Table of Contents

🚑 Deployment: Where ML models go to die

In this post, I will outline the basic steps to deploy ML models onto lightweight mobile devices easily, quickly and for free.


By the end of this post, you will learn about:

  • Leveraging Hugging Face infrastructure to host models.
  • Deploying on any edge device using REST API.
  • Displaying the results on a Flutter Android app.

According to Gartner, more than 85% of machine learning (ML) models never made it into production. This trend is expected to continue further this year in 2022.

In other words, despite all the promises and hype around ML, most models fail to deliver in a production environment. According to Barr Moses, CEO, Monte Carlo, deployment is one of the critical points where many models fail.

So what exactly is the deployment of ML model? Simply put, deployment is making a model’s capability or insight available to other users or systems - Luigi Patruno.

🏹 Begin with deployment in mind

Many ML researchers take pride in training bleeding-edge models with state-of-the-art (SOTA) results on datasets.

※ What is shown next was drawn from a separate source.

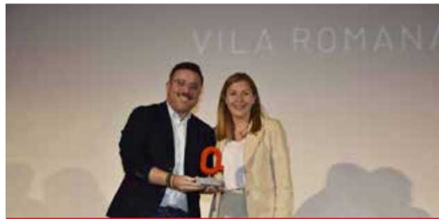
PATRIMONI: Vila Romana de Benicató, Nules.

As a researcher, I understand how deeply satisfying it feels to accomplish that.

Unfortunately, many of these so-called “SOTA models” will end up on preprints, Jupyter notebooks, or in some obscure repository, nobody cares about after the initial hype.

Eventually, they are forgotten and lost in the ocean of newer “SOTA models”. To make things worse, the obsession with chasing after “SOTA models” often causes researchers to lose track of the end goal of building the model - deployment.

Source: ClearML on Reddit.

Source: ClearML on Reddit.

Hence, as ML engineers, it is very helpful if we build models with deployment in mind, as the end result.

Because only when a model is deployed can it add value to businesses or organizations. This is the beginning of getting a model into production.

Deployment is unfortunately a messy and complicated topic in MLOps - too deep for us to cover here. Luckily, that is not the purpose of this post.


My objective in this post is to show you how you can deploy an ML model easily on a mobile device without getting your hands dirty with servers, backends or Kubernetes.

The following figure shows the deployment architecture that allows us to accomplish that.

Deployment architecture.

Deployment architecture.

🤗 Hosting a model on Hugging Face

The first piece of the puzzle is to host our model on some cloud infrastructure. In this post, let’s use a free service known as Hugging Face Spaces.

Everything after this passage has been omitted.